Perhaps, but I have no interest in creating a new account just to find out. I'm glad to be done with them the same way I'm glad to be done with FB and Twitter.
(I'd love to kill off my Google account since I really only use it for YouTube, but a lot of my actual work requires Google Docs for my clients, so I have to stick with it for now.)
"Usually, this should not take more than a month."
"unsubscribe" requests are also often claimed to take days or weeks. Shouldn't deletion of a few DB records be &*$%ing instantaneous? Even if they're replicating to spread out the DB load, a deletion shouldn't take more than a few seconds to propagate.

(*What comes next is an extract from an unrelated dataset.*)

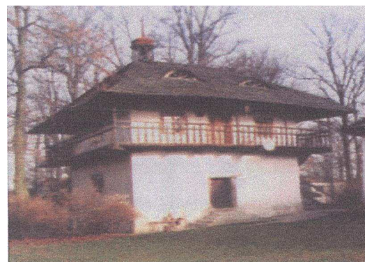
Zbór ariański w Ludyni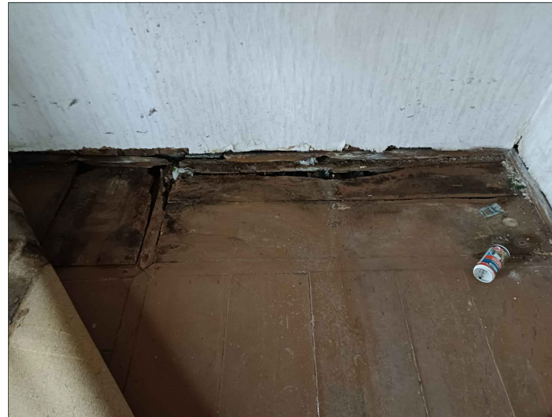
FOT. 8 STAN WIĘKSZOŚCI POSADZEK

But worse are the marketing mails that periodically come back from the dead after unsubscribe. This isn't limited to email though: the same occurs with telemarketer "do not call" lists and physical junk mail. It is almost as if the people responsible for these systems intentionally implement it so poorly that it breaks often. "Oops! The opt-out table was dropped because it wasn't on the migrate list."
This doesn't happen because writing code that automatically and permanently deletes things is TERRIFYING. Sure you should have backups and continually test your restore procedures, but I have never met an organization that's prepared to do partial restores from backups when bad code clobbers 0.05% of the records in your database.
So you do what everyone does which is to add a tombstone bit on the DB record which you flip when the record is "deleted". If you have a middleware layer, this can be transparent to 99% of your code. Then you have a reaper process which actually deletes things on that "days or weeks" schedule alluded to above.
Implementation details about databases and backups have (checks notes) absolutely nothing to do with the claims made by lobbyists and marketing managers about how hard it is to do the particular thing that happens to be the thing that make them lose money.
But it sure is convenient for them to use that as an excuse.
Ah, now I see that the previous commenter was referring to email marketing unsubscribe requests. I have zero sympathy for the marketing managers (or lobbyists, or programmers) on that account.
To the original post, I have wondered how anyone writes software against any of these data exports from large companies. For Google Takeout alone there are hundreds of projects on Github. Are the schema definitions published anywhere? Are there announcements prior to changes? I imagine not.
Here's the reality in one workflow I know:
An unsubscribe request is taken verbally over the phone. A rep enters the request into a form and submits it. This goes into a database table.
Every Wednesday this gets rolled up into a flat file and placed on an internal FTP site.
This file sits until another batch process comes along to collect the file, encrypt it, and FTP it to a vendor.
The vendor then decrypts the file and adds it to their database.
If any of the batch processes fail for any reason, the file is held until the following week.
Meanwhile, some of the mass mailings are staged up to a week in advance with the opt-outs scrubbed at staging.
As a result, if the request comes in at just the right/wrong time, it could take two weeks or more for the requests to "kick in".
This is not to judge the reasonableness of any timeframe in question but merely to illustrate a real-world example of how this process is anything but instantaneous.